Probably like other lawyers, I cannot watch any of the T.V. lawyer programs. "L.A. Law" irked me when I was a public defender because I couldn’t afford their suits or even their haircuts, much less the snazzy offices they worked & played around in.

Being in criminal law, the crime / law shows were worse torture. Even supposedly gritty ones like "N.Y.P.D. Blue" and "Homicide" rankled.


My loved ones banned me from movies on the subject after "The Verdict," when I gagged on my Big Gulp in so many scenes that I needed a Heimlich to survive.


So why did I rent "Fracture"? Anthony Hopkins & Ryan Gosling, two of my favorites outsmarting each other, that was the hook.

And I wasn’t disappointed by their scenes together — the brilliant, sly defendant vs. the young, slick D.A. Hopkins and Gosling were fine.

But the plot’s turns that depend on The Law had me laughing and gagging again. The suspense and the payoffs rely on two bits of legalisms that are completely bogus.

The judge throws out a signed confession because one of the officers in the room had been having a secret love affair with the victim, the wife of the guy who confesses that he shot her. I could swallow the melodramatic stretch of this unlikely event. That's not what bothered me. But the law is wrong. No judge would find such a confession to be coerced on that evidence. Nope, uh-uh. Never happen in any court in the U.S.

The second supposedly surprising legal twist is that after the brilliant defendant is acquitted of attempted murder of his now comatose wife, he signs papers that get her plugs pulled and she dies. He thinks double jeopardy will prevent his re-trial. Uh-uh. Wrong again.

This was the same plot blunder made by an Ashley Judd film a few years ago callled "Double Jeopardy". Ashley was convicted of killing her husband when he vanished from their boat and while in prison, she discovers that he is still alive. She is released and goes to find him, confronts him and kills him, getting away with it because as we all know, "you can’t be punished twice for the same crime." Nope. Sorry. Not true. Never has been true.
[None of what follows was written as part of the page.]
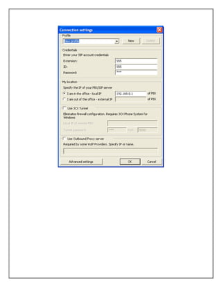 Este documento proporciona instrucciones para configurar un sistema IPX300W desactivando el proxy, ingresando la dirección IP local del dispositivo en un navegador, creando extensiones y configurando teléfonos IP, softphones y un servicio inalámbrico para usar un teléfono móvil.
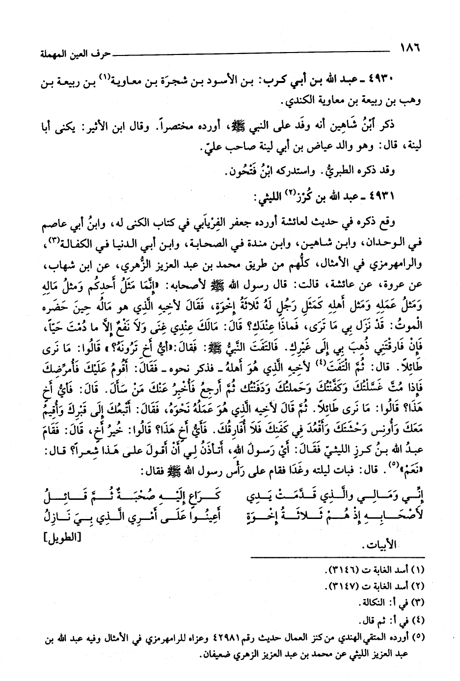 وقع ذكره في حديث لعائشة أورده جعفر الفريابي في كتاب الكنى له، وابن أبي عاصم في الوحدان، وابن شاهين، وابن مندة في الصحابة، وابن أبي الدنيا في الكفالة «٣» ، والرامهرمزيّ في الأمثال، كلّهم من طريق محمد بن عبد العزيز الزّهري، عن ابن شهاب، عن عروة، عن عائشة، قالت: قال رسول اللَّه صلى اللَّه عليه وسلّم لأصحابه: «إنّما مثل أحدكم ومثل ماله ومثل عمله ومثل أهله كمثل رجل له ثلاثة إخوة، فقال لأخيه الّذي هو ماله حين حضره الموت: قد نزل بي ما ترى، فماذا عندك؟ قال: مالك عندي غنى ولا نفع إلّا ما دمت حيّا، فإن فارقتني ذهب بي إلى غيرك. فالتفت النبيّ صلى اللَّه عليه وسلّم: فقال: «أيّ أخ ترونه؟» قالوا: ما نرى طائلا. قال: ثمّ التفت «٤» لأخيه الّذي هو أهله- فذكر نحوه- فقال: أقوم عليك فأمرّضك فإذا متّ غسّلتك وكفّنتك وحملتك ودفنتك ثمّ أرجع فأخبر عنك من سأل. قال: فأيّ أخ هذا؟ قالوا: ما نرى طائلا. ثمّ قال لأخيه الّذي هو عمله نحوه، فقال: أتبعك إلى قبرك وأقيم معك وأونس وحشتك وأقعد في كفنك فلا أفارقك. فأيّ أخ هذا؟ قالوا: خير أخ، قال: فقام عبد اللَّه بن كرز الليثيّ فقال: أي رسول اللَّه، أتأذن لي أن أقول على هذا شعرا؟ قال:

The law would simply apologize for its first mistake and lock you up again.

Now, don’t get me wrong. I get it that shortcuts and contrived plot devices are sometimes necessary to make a story work. I don’t mind it if the inaccuracies are incidental to the main point. But when it is the Big Twisteroo or when the movie is intended as a commentary on "The Legal System," artistic licenses should be revoked.

2 comments:

  1. the most annoying thing about those plot devices is that even if the point of the film is not to be a critique of the legal system, audiences nevertheless leave the film righteously indignant at how stupid/sloppy/unjust the system is, thanks to whatever inane contrivance the twist depended upon. i suspect it's because in most other areas of life, which people know based on experience, audiences are adept at picking out obvious lies - if a character tumbled down a mountainside and came up without a bruise, audiences would cry foul. but when it comes to the law, relatively few people (even lawyers, i suspect!) are well-versed or thoughtful enough to know the difference between reality and utter bullshit. yet ignorance has never prevented anyone from having an opinion and that's why audiences leave a film like THE VERDICT furious at the injustices of our 'system' without ever stopping to think maybe it's not the system that's to blame, but the screenwriter!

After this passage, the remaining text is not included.